### Excerpted records
● ● ● ● ●
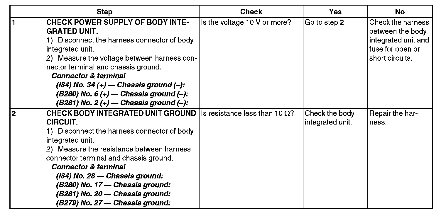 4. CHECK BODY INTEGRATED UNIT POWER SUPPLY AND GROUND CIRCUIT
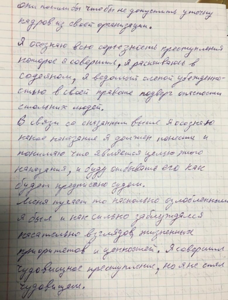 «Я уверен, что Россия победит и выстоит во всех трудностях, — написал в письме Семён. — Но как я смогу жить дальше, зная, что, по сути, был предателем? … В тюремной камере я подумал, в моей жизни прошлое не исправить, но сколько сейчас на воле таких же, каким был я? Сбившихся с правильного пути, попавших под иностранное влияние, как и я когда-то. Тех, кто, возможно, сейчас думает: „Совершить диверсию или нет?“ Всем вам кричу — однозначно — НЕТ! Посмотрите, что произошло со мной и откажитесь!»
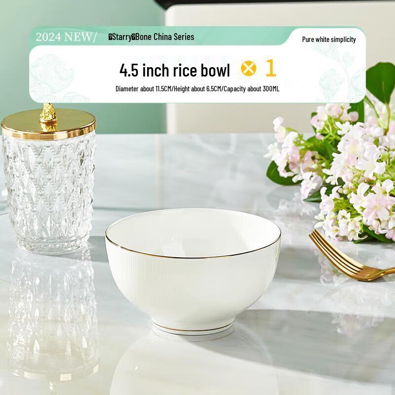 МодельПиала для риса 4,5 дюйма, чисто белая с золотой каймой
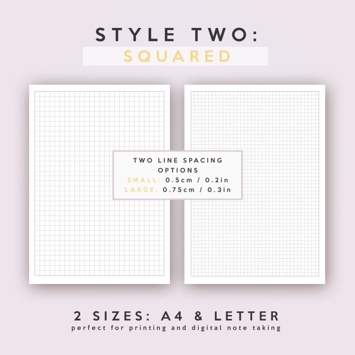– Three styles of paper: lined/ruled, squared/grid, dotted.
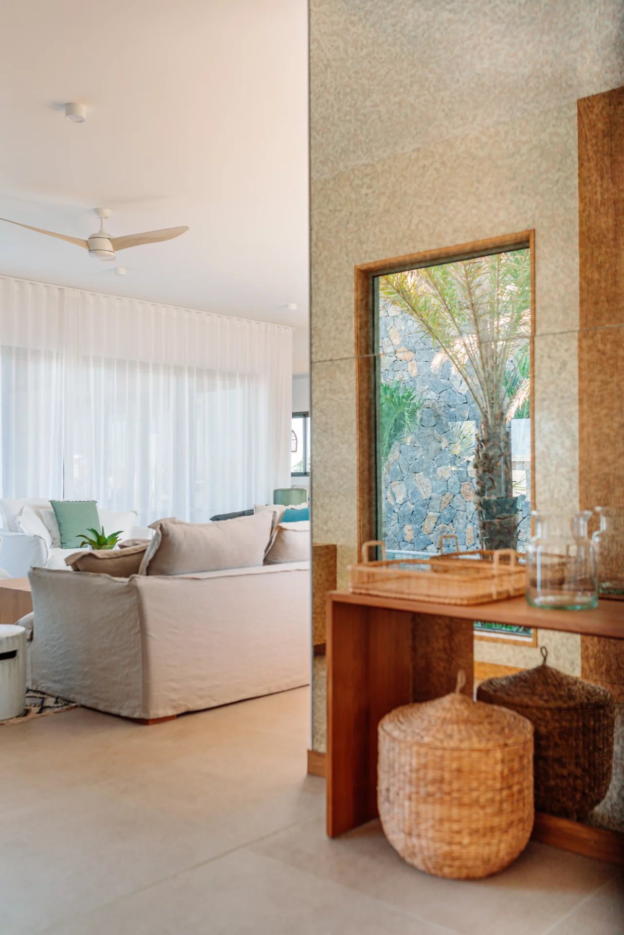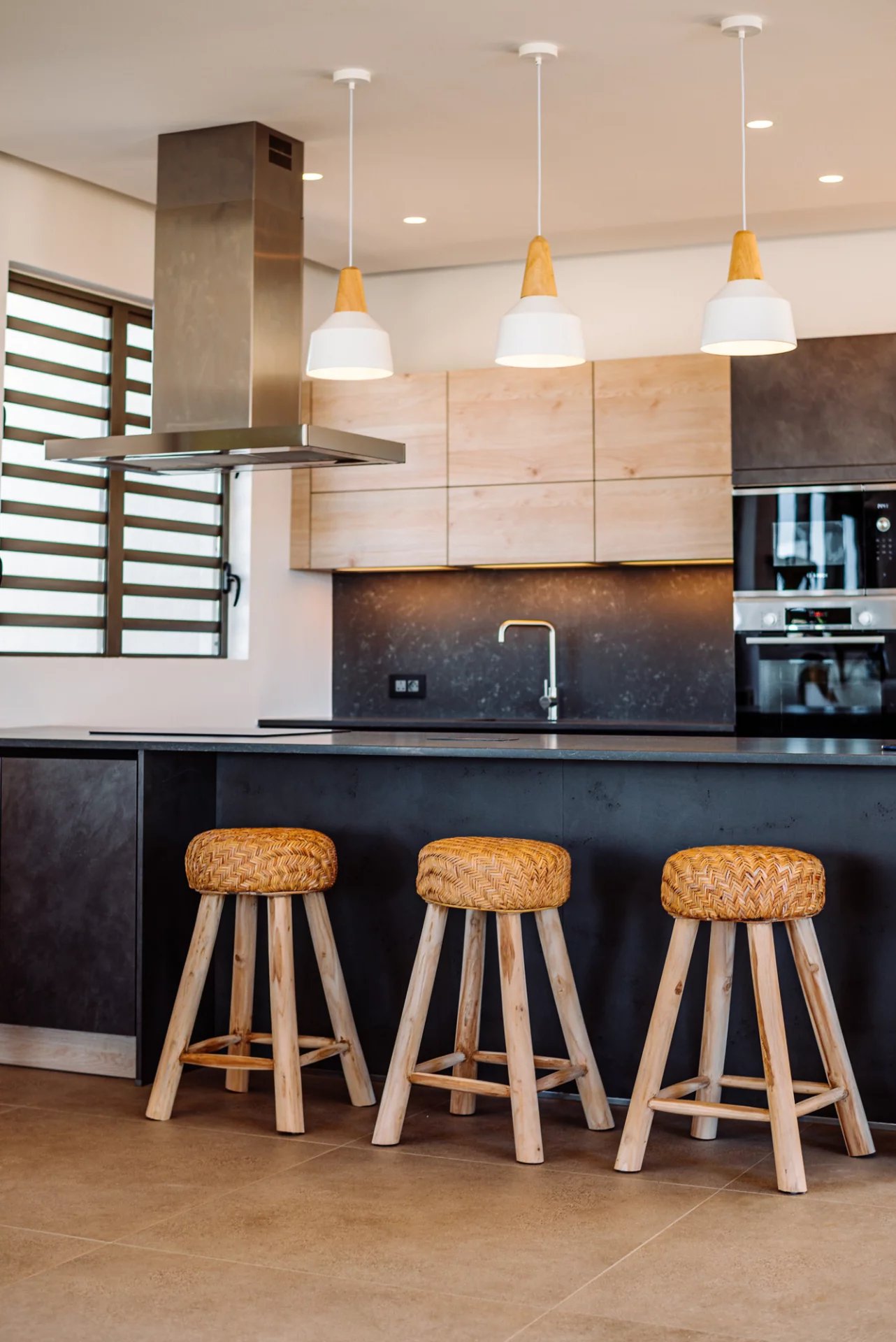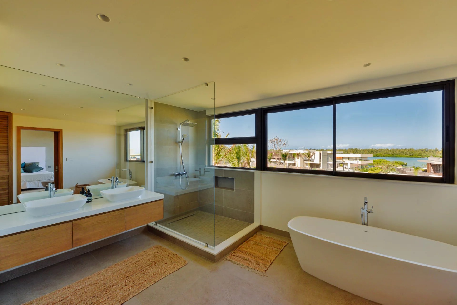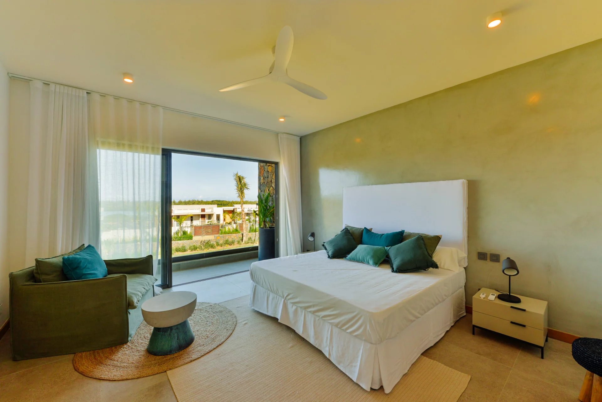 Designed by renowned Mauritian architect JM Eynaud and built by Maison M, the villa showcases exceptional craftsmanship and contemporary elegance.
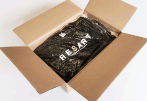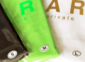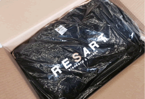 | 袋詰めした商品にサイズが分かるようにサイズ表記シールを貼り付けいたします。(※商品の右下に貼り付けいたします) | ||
● ● ● ● ●
### What is expected
Only the text is to be copied: please reproduce the records exactly and drop the pictures.

### Solution
 4. CHECK BODY INTEGRATED UNIT POWER SUPPLY AND GROUND CIRCUIT
 «Я уверен, что Россия победит и выстоит во всех трудностях, — написал в письме Семён. — Но как я смогу жить дальше, зная, что, по сути, был предателем? … В тюремной камере я подумал, в моей жизни прошлое не исправить, но сколько сейчас на воле таких же, каким был я? Сбившихся с правильного пути, попавших под иностранное влияние, как и я когда-то. Тех, кто, возможно, сейчас думает: „Совершить диверсию или нет?“ Всем вам кричу — однозначно — НЕТ! Посмотрите, что произошло со мной и откажитесь!»
 МодельПиала для риса 4,5 дюйма, чисто белая с золотой каймой
– Three styles of paper: lined/ruled, squared/grid, dotted.
 Designed by renowned Mauritian architect JM Eynaud and built by Maison M, the villa showcases exceptional craftsmanship and contemporary elegance.
 | 袋詰めした商品にサイズが分かるようにサイズ表記シールを貼り付けいたします。(※商品の右下に貼り付けいたします) | ||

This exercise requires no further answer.